» WHAT IS NEEDED
The answer must consist solely of the lines from the one containing "食器や調理器具はもちろん、照" through the last line of the records below, repeated exactly, with all pictures omitted.

Start of INPUT FOR THIS TASK

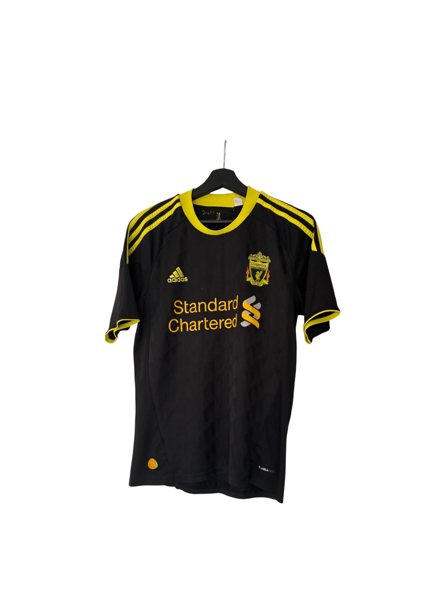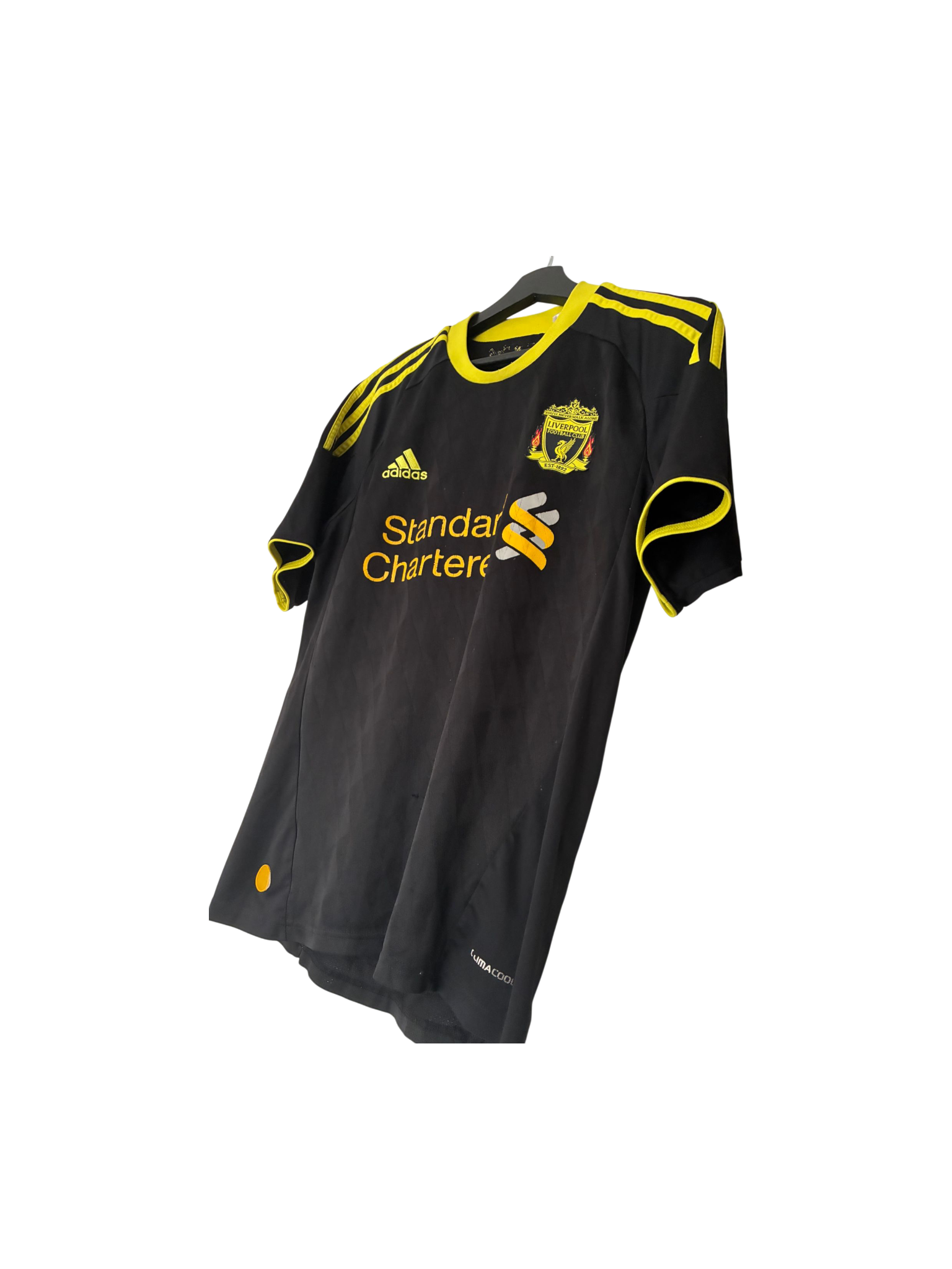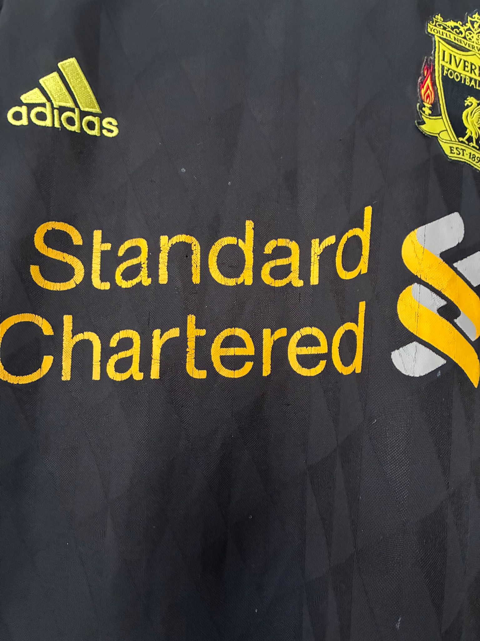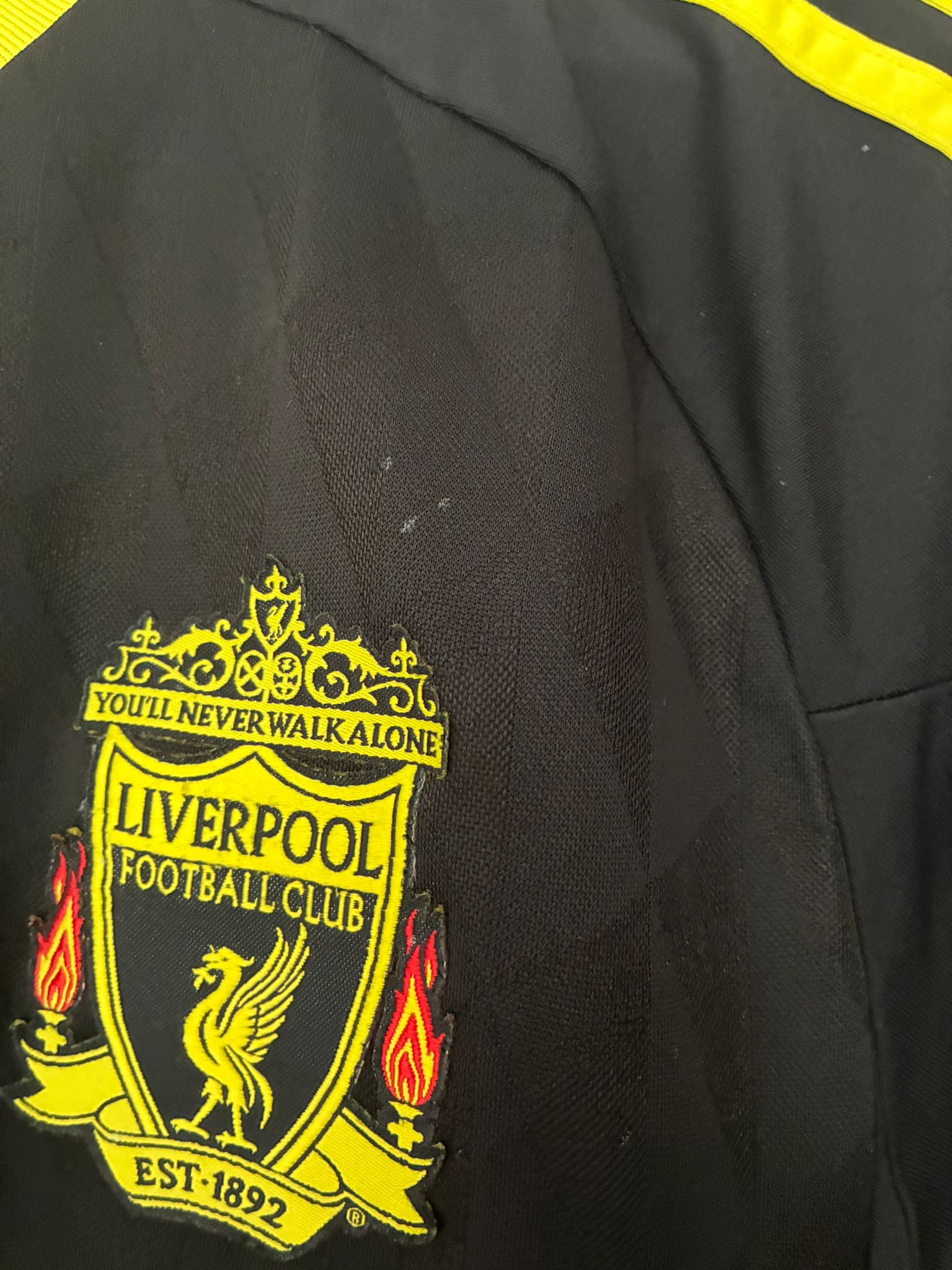 15 år gammel udetrøje fra Pool. Båret af Gerrard, Carragher og Agger.
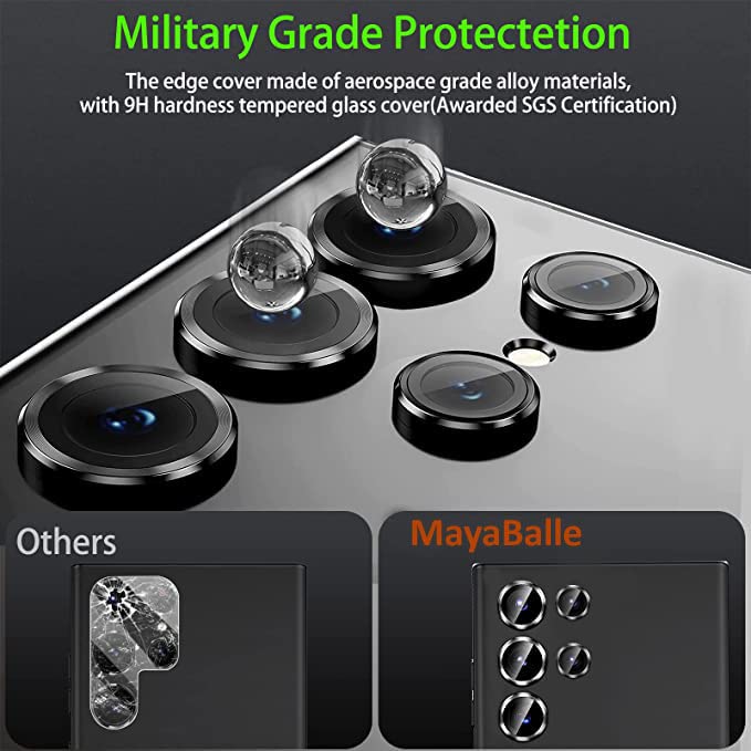 MAYA BALLE® Camera Lens Protector Compatible for Samsung Galaxy S23 Ultra, [Anti-Scratch] Premium Tempered Glass Film Aluminum Alloy Lens Ring Cover -Black
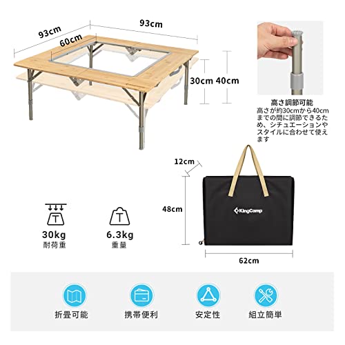 食器や調理器具はもちろん、照明やキッチン用品も置くことができ、キャンプサイトでも快適なリビングスペースを確保することができます。
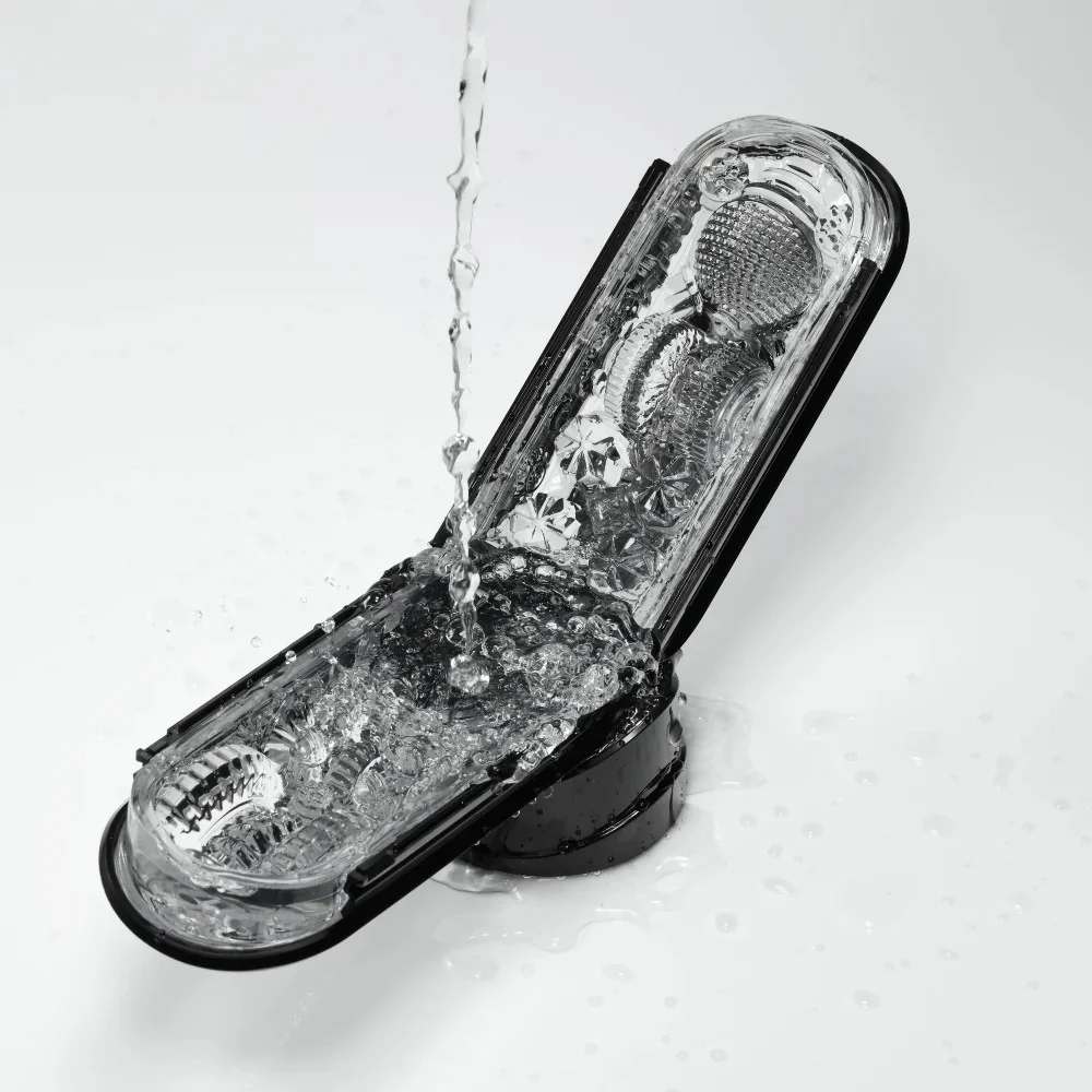 เปิด Tenga Flip Zero Gravity ออกด้วยการถอดโครงล็อกด้านนอก แล้ว “กางออก” ตามแนวกลางของตัวกระบอก หยดเจลหล่อลื่นลงบนพื้นผิวภายในอย่างทั่วถึง โดยเน้นบริเวณช่องทางภายในและจุดสัมผัสต่างๆ เมื่อเสร็จเรียบร้อยแล้ว ให้ปิดอุปกรณ์กลับเข้าที่ พร้อมใส่โครงล็อกเพื่อความมั่นคง - เริ่มต้นใช้งาน
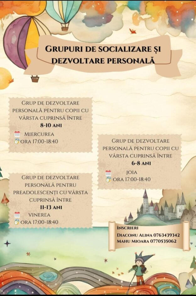 🎯 Exerciții de dezvoltare personală specifice fiecărei categorii de vârstăȘedințele se vor desfășura săptămânal, de la ora 17 sau 18, cu durata de 100 minute, într-un grup format din maxim 7 copii, costul fiind de 150 lei

End of INPUT FOR THIS TASK

» EXERCISE RESPONSE
 食器や調理器具はもちろん、照明やキッチン用品も置くことができ、キャンプサイトでも快適なリビングスペースを確保することができます。
 เปิด Tenga Flip Zero Gravity ออกด้วยการถอดโครงล็อกด้านนอก แล้ว “กางออก” ตามแนวกลางของตัวกระบอก หยดเจลหล่อลื่นลงบนพื้นผิวภายในอย่างทั่วถึง โดยเน้นบริเวณช่องทางภายในและจุดสัมผัสต่างๆ เมื่อเสร็จเรียบร้อยแล้ว ให้ปิดอุปกรณ์กลับเข้าที่ พร้อมใส่โครงล็อกเพื่อความมั่นคง - เริ่มต้นใช้งาน
 🎯 Exerciții de dezvoltare personală specifice fiecărei categorii de vârstăȘedințele se vor desfășura săptămânal, de la ora 17 sau 18, cu durata de 100 minute, într-un grup format din maxim 7 copii, costul fiind de 150 lei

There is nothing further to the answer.